6.5 Governing Law. This Agreement is a contract made under, and shall be governed by and construed in accordance with, the law of the State of Michigan applicable to contracts made and to be performed entirely within such State and without giving effect to choice of law principles of such State.
6.6 Counterparts. This Agreement may be executed in any number of counterparts, all of which taken together shall constitute one Agreement, and any of the parties hereto may execute this Agreement by signing any such counterpart.

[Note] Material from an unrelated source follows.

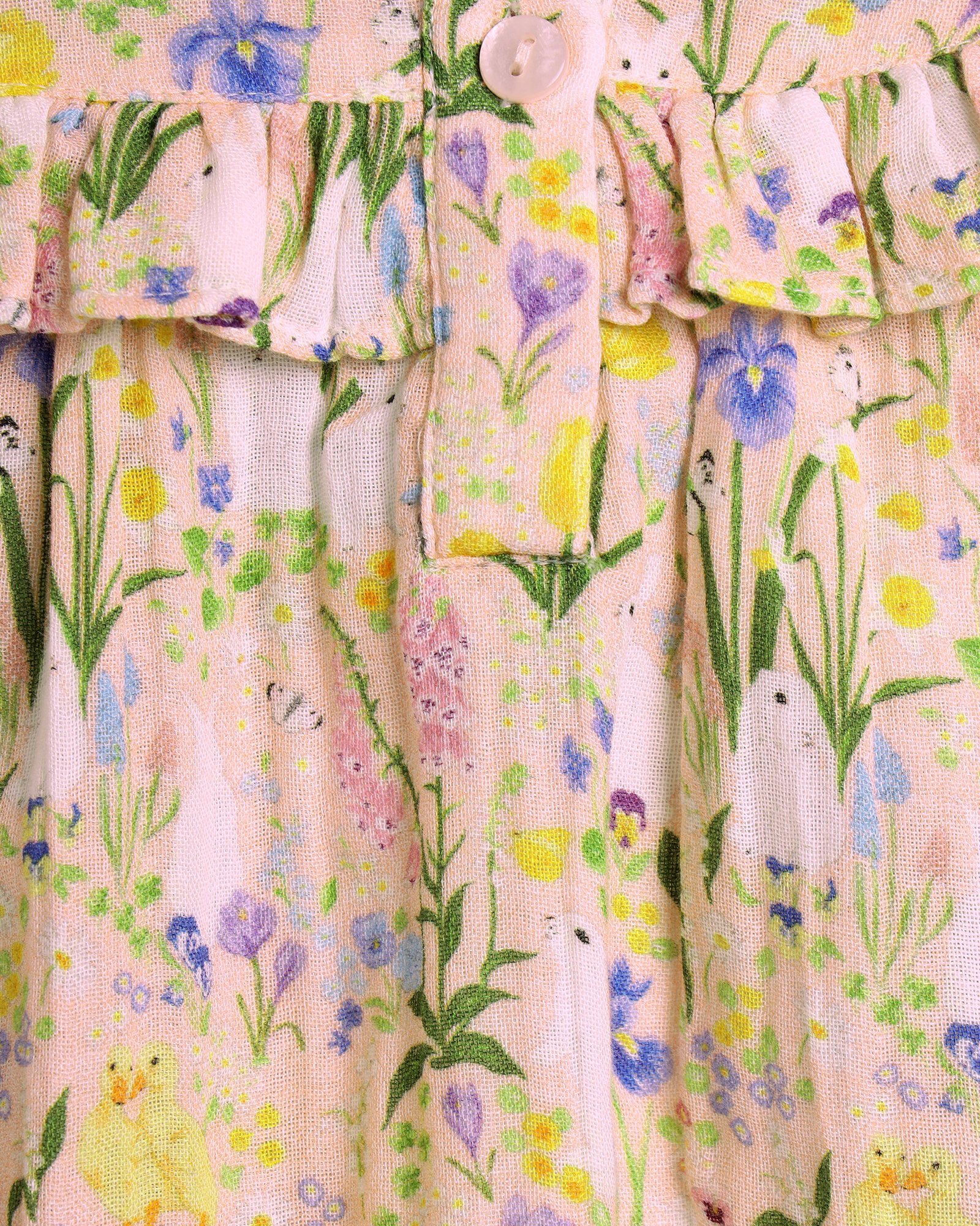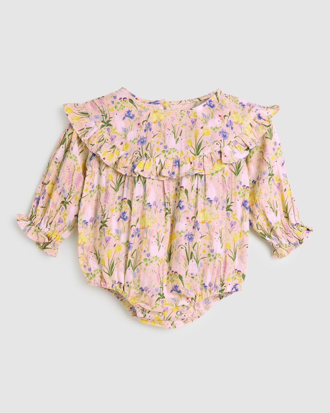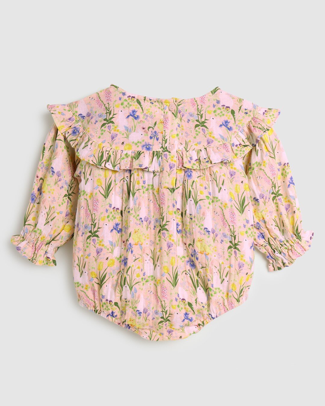 The Blossom Playsuit in Bunnies print features a gently gathered neckline and gorgeous ruffles with soft elastic at the wrists and ankles for a snug, comfortable fit. The adorable bunny fabric makes it a delightful choice for everyday wear.

6.7 Severability. In case any one or more of the provisions contained in this Agreement shall be invalid, illegal or unenforceable in any respect, the validity, legality and enforceability of the remaining provisions of this Agreement shall not in any way be affected or impaired thereby.
6.8 Continuing Agreement; Reinstatement. This Agreement shall constitute a continuing agreement which shall remain in effect until all Secured Obligations shall have been paid in full, at which time this Agreement shall terminate. Each party to this Agreement agrees that this Agreement shall continue to be effective or be reinstated, as the case may be, if at any time any payment (in whole or in part) of any of the proceeds of any Collateral is rescinded or must otherwise be restored by any party hereto, in any Bankruptcy Proceeding as though such payment had not been made.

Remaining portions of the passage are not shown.